▸ **Exercise inputs**:
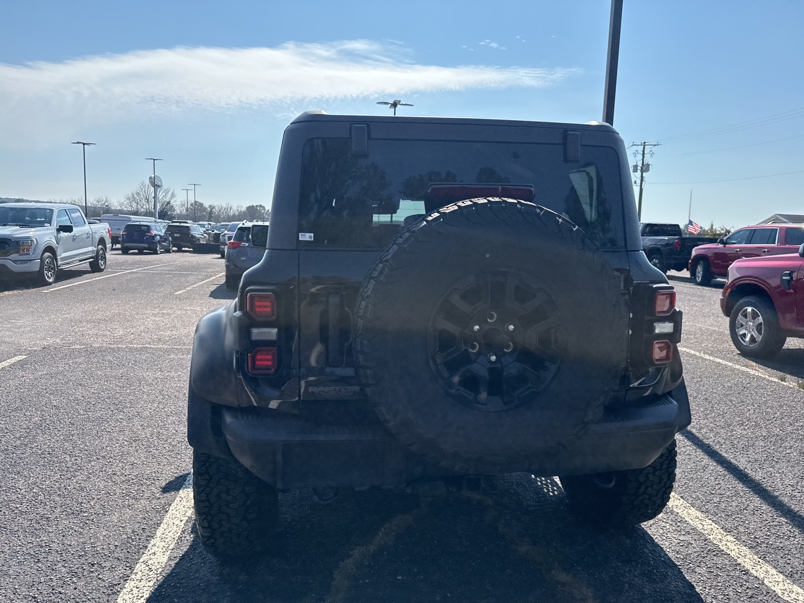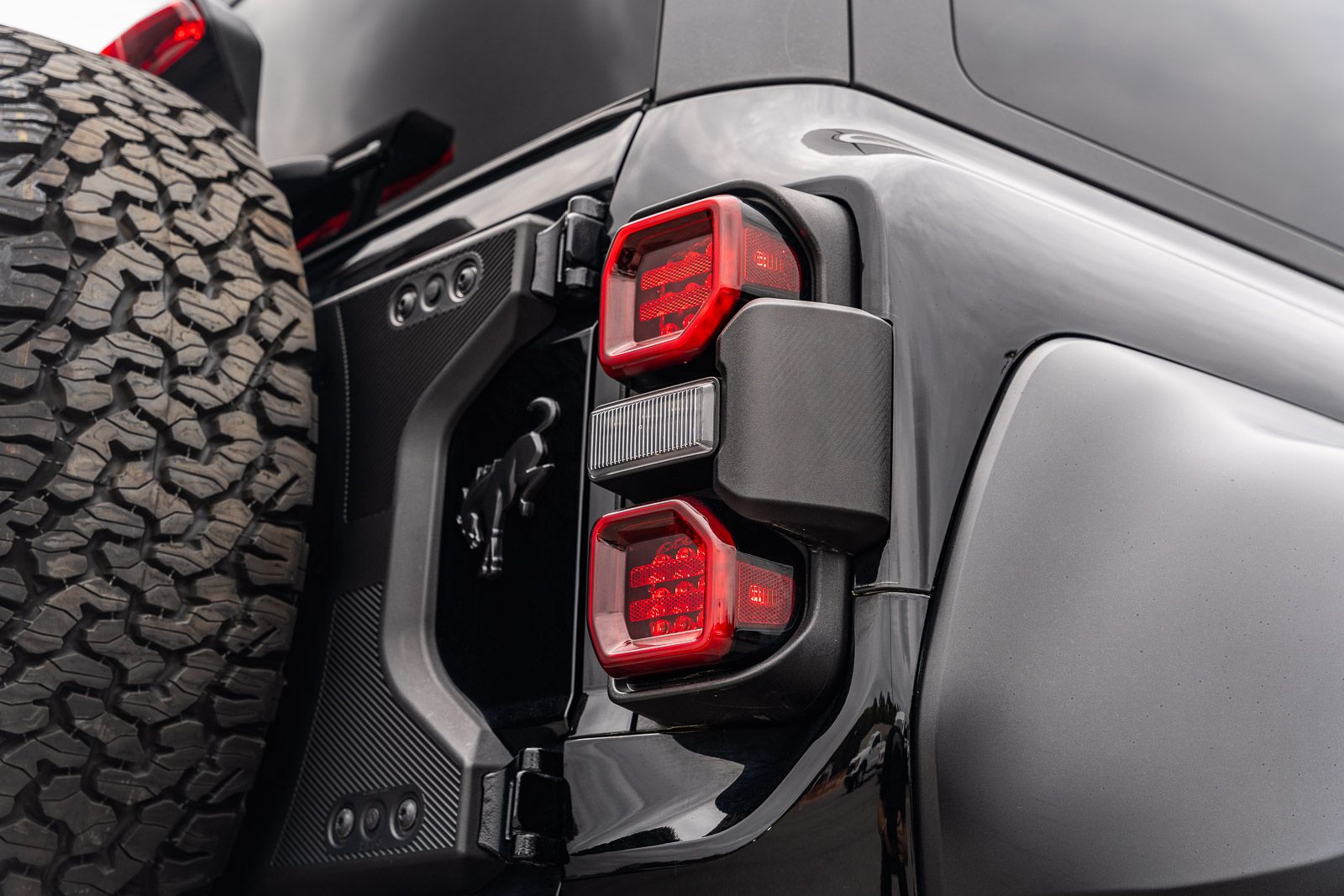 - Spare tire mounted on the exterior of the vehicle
* * *
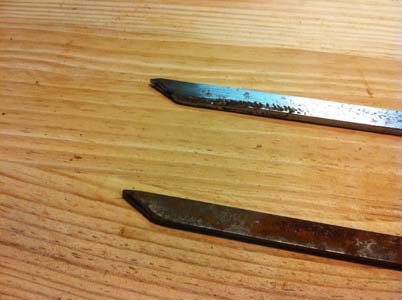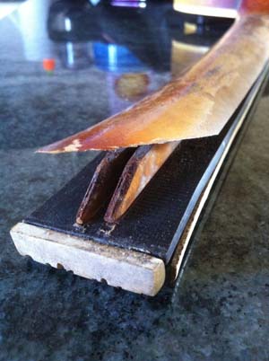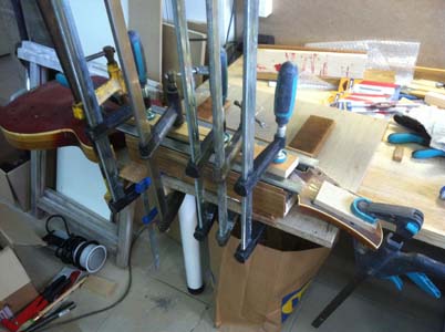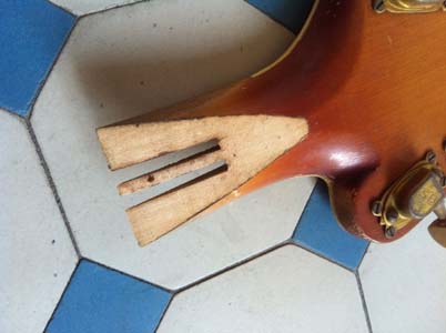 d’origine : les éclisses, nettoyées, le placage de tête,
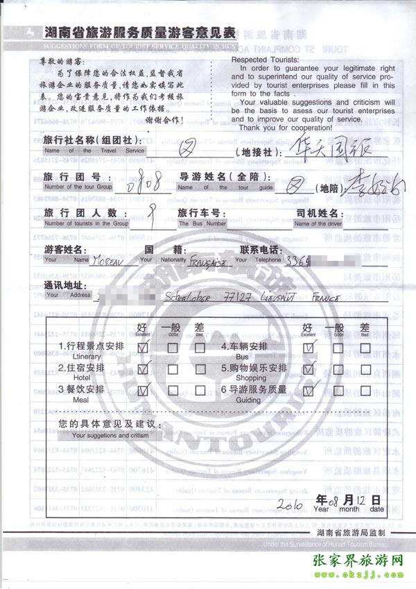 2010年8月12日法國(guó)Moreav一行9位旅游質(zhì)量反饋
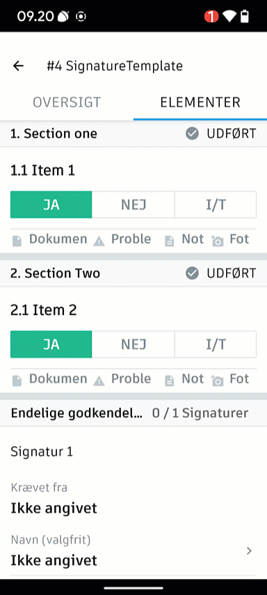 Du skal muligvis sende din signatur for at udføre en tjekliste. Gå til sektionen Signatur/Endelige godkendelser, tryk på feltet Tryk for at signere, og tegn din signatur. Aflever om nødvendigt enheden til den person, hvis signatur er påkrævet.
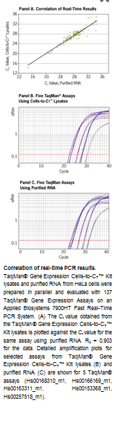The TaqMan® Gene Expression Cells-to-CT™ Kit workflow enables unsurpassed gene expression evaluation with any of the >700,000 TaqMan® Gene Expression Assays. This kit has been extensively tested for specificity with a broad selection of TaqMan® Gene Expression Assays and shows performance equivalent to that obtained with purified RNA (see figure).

▸ **What to do**: The reply should hold exactly the lines above, starting at the line with "d’origine : les" and ending at the line with "The TaqMan® Gene", and no pictures.

▸ **Exercise answer**:
 d’origine : les éclisses, nettoyées, le placage de tête,
 2010年8月12日法國(guó)Moreav一行9位旅游質(zhì)量反饋
 Du skal muligvis sende din signatur for at udføre en tjekliste. Gå til sektionen Signatur/Endelige godkendelser, tryk på feltet Tryk for at signere, og tegn din signatur. Aflever om nødvendigt enheden til den person, hvis signatur er påkrævet.
The TaqMan® Gene Expression Cells-to-CT™ Kit workflow enables unsurpassed gene expression evaluation with any of the >700,000 TaqMan® Gene Expression Assays. This kit has been extensively tested for specificity with a broad selection of TaqMan® Gene Expression Assays and shows performance equivalent to that obtained with purified RNA (see figure).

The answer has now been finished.